Cost-based optimization can get it wrong. It is much less common now than ten years ago, but every DBA has still come across cases when the optimizer chooses the wrong “query plan” and the query execution takes a long time for seemingly no reason. But worse for predictability is that cost-based optimization is dynamic and looks at a lot of factors at run time to determine which plan is best. These factors can change meaning that query performance can change (often without any external schema/code modifications). This dynamic ability can cause headaches to DBAs who are often tasked with resolving performance issues when suddenly the database is “going slow”.
Example:
Ok let’s take a real world look at this problem. I have gathered some stats from a real, production (SQL Server) relational database. This database is around 500GB in size and processes ~700 transactions per second 24 x 7. This data is just a couple of minutes of captured activity.
The first graph I am showing here is the # of queries based on resource usage. To simplify things resource usage in my example = CPU TIME + # READS + # WRITES.
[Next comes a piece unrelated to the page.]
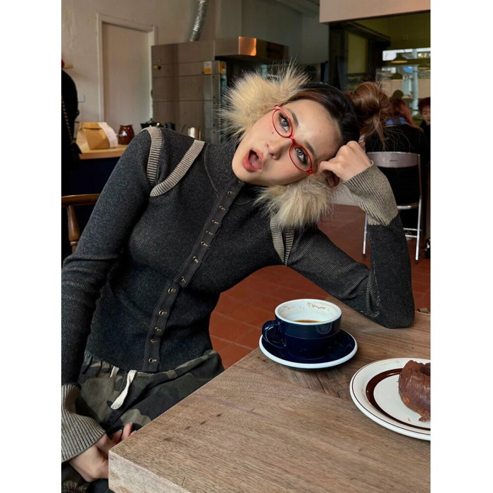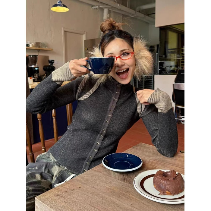 春秋季高領針織衫毛衣女設計感小衆修身內搭美式復古打底衫上衣

Because queries in relational databases can have vastly different resource usage profiles, we get a very wide distribution of resource usage by query (note the logarithmic scale).
We can see that most of the queries executing on this database use <50 “resources” (CPU + DISK) but at the same time a smaller number of queries can use anything up to 22750 x this. That is a massive distribution.
Problems with predictability can start to occur when a number of high resource queries randomly end up running concurrently. This restricts resources available to other queries and therefore the execution times of other queries execute at that time are affected.
We can see this by looking at the execution duration of ONLY the queries that have used 50 resources (CPU+DISK) or less. They have a similar resource usage profile, so in theory they should all have a similar execution duration, right?
Unfortunately no. This graph is showing the execution times for only the queries that used 50 resources or less. While we can see that most of these queries executed in 100ms or less, many of these queries took a lot longer than this. In fact there was a wide distribution up to 5297 x this base execution time (529 seconds). All these queries used roughly the same amount of server resources yet their execution times were massively different.
The reasons for this could be many. Firstly, it could be resource contention. Many of the queries taking longer could be doing so because they are being executed at the same time as a number of high resource queries. Or alternatively, it could be because of resource concurrency issues. These queries may be delayed because they are waiting for blocking queries to complete. Or it could be because of internal database management issues (indexes updating), or it could be due to concurrent disk issues (log backups, check-pointing) and so on and so on.
These are in fact all issues that DBAs deal with and investigate on a daily basis. The best you can do is to try and optimize as many of the reoccurring queries as possible. However, in doing this it still isn’t possible to accurately predict performance at run time, or ensure consistency of execution time at run time. This is bad news when you are trying to use the relational database as a platform for applications where consistency of performance is paramount.